START Stored data
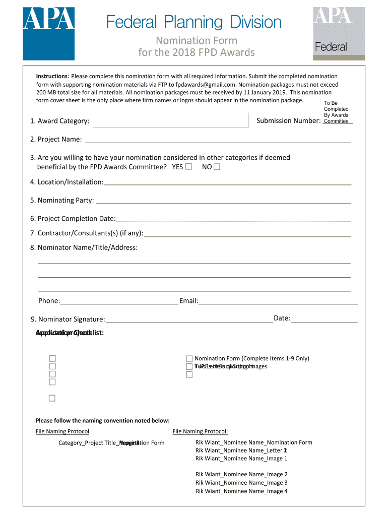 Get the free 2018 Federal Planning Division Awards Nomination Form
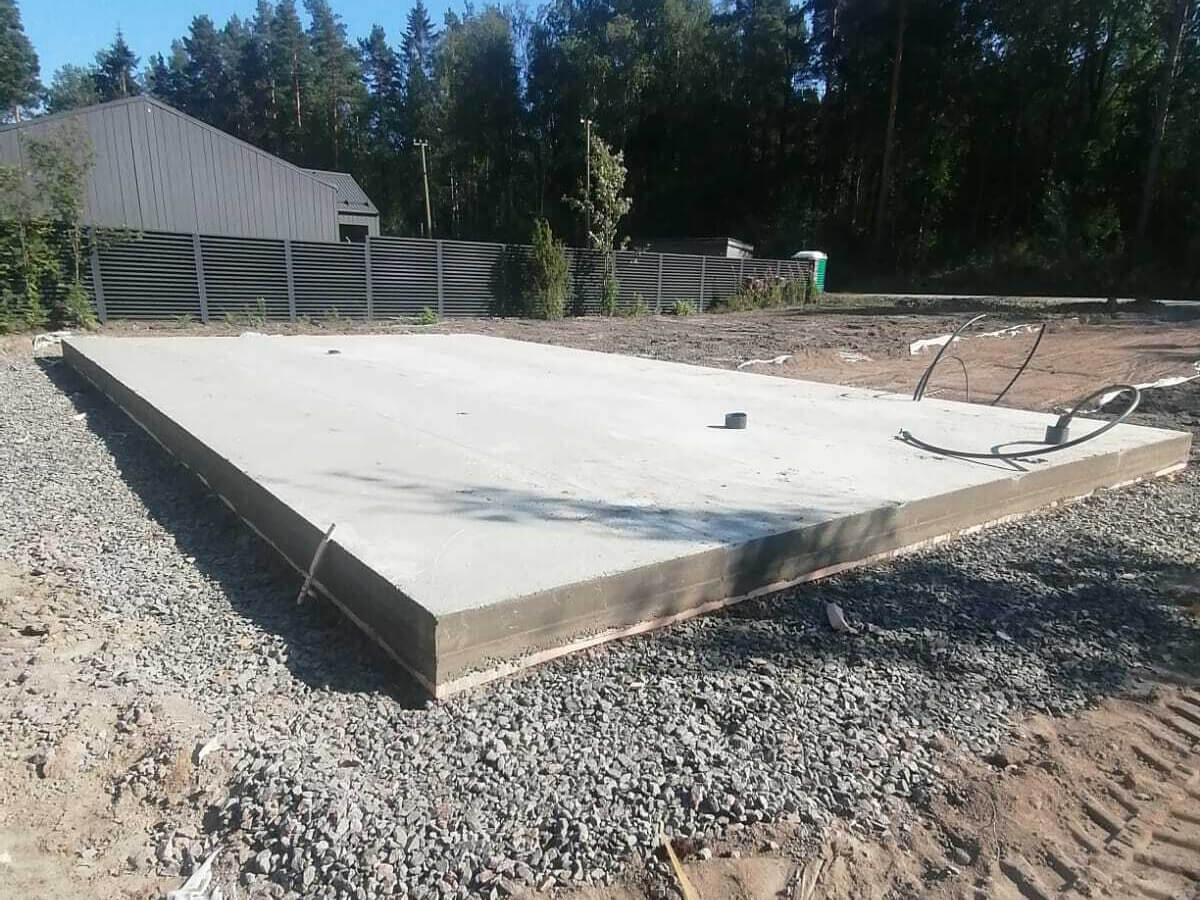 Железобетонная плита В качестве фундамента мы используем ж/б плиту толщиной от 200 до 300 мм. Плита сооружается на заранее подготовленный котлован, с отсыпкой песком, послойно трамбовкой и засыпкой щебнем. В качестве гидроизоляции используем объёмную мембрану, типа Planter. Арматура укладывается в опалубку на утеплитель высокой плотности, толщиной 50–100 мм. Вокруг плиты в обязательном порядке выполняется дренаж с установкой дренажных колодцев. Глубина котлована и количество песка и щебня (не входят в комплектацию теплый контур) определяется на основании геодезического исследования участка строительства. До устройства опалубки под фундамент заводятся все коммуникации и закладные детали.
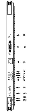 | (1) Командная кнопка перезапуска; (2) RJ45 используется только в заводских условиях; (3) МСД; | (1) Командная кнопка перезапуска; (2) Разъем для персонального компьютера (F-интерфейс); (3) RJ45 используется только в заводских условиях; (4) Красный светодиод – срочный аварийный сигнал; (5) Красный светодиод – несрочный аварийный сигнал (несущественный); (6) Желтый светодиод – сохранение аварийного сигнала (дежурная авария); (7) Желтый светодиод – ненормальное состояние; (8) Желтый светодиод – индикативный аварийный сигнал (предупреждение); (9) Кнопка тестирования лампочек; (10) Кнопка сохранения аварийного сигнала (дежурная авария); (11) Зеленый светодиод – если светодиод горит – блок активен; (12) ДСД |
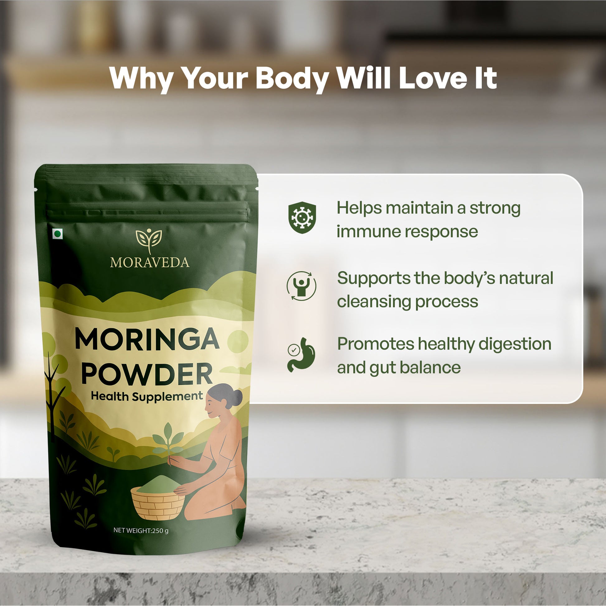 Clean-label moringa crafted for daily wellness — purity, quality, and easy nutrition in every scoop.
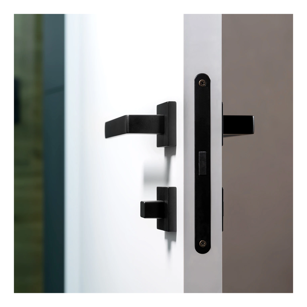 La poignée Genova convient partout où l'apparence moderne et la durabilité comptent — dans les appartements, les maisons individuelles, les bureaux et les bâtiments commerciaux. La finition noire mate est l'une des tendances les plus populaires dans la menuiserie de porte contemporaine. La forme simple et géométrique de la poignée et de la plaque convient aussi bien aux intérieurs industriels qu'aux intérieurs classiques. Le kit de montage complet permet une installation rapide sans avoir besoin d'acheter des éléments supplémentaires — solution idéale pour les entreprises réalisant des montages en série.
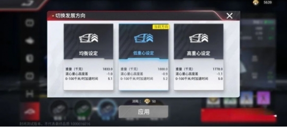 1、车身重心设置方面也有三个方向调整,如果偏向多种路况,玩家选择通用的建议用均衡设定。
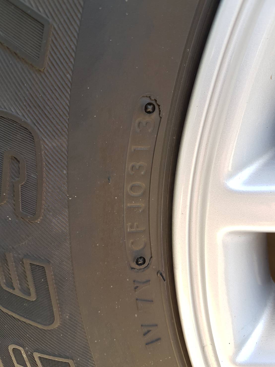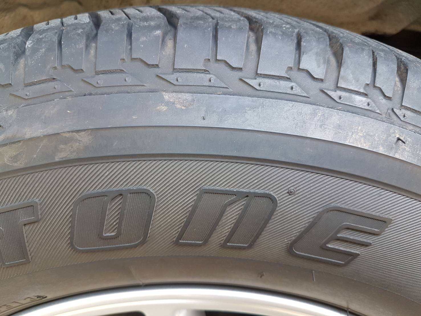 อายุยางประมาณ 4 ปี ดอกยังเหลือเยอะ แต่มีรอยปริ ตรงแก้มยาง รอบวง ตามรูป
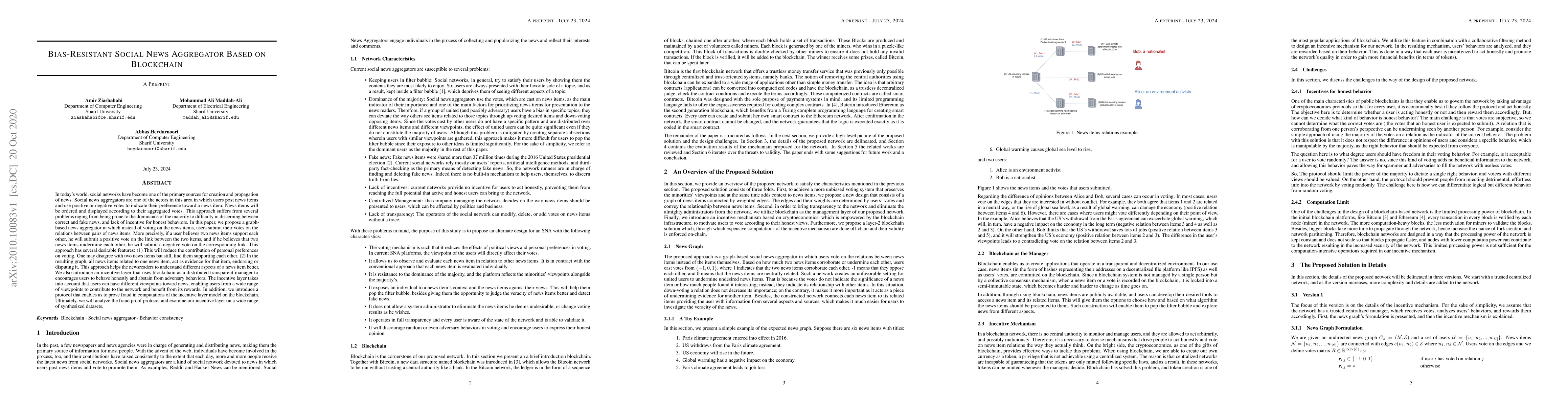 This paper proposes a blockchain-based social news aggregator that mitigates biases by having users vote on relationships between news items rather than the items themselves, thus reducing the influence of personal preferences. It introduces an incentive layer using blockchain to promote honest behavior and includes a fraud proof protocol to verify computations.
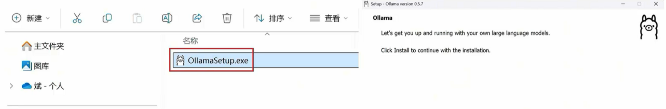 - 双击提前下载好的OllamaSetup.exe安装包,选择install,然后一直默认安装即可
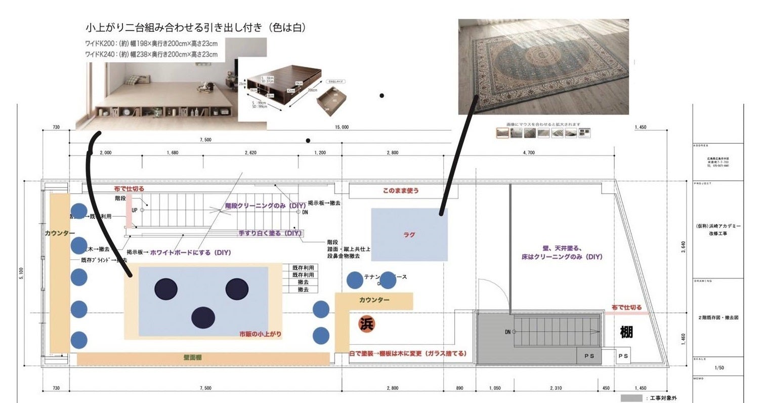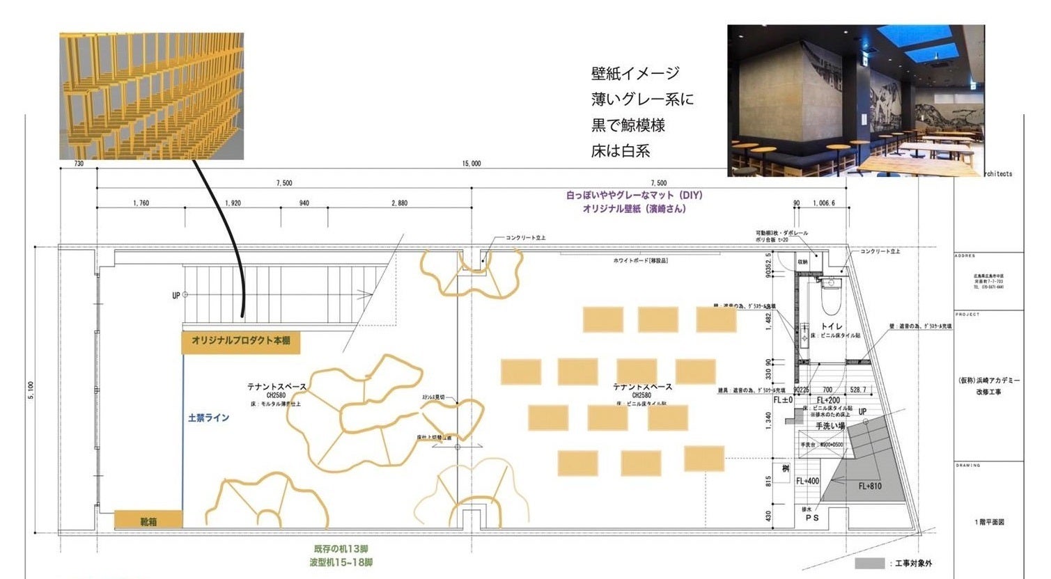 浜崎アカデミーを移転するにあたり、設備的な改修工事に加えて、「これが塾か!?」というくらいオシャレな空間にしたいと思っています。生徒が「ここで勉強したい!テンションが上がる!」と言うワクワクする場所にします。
END Stored data
| Assignment |
Word for word, give again the lines from the first entry to the line with "Железобетонная плита В", inclusive. Exclude the pictures.

| Answer area |
 Get the free 2018 Federal Planning Division Awards Nomination Form
 Железобетонная плита В качестве фундамента мы используем ж/б плиту толщиной от 200 до 300 мм. Плита сооружается на заранее подготовленный котлован, с отсыпкой песком, послойно трамбовкой и засыпкой щебнем. В качестве гидроизоляции используем объёмную мембрану, типа Planter. Арматура укладывается в опалубку на утеплитель высокой плотности, толщиной 50–100 мм. Вокруг плиты в обязательном порядке выполняется дренаж с установкой дренажных колодцев. Глубина котлована и количество песка и щебня (не входят в комплектацию теплый контур) определяется на основании геодезического исследования участка строительства. До устройства опалубки под фундамент заводятся все коммуникации и закладные детали.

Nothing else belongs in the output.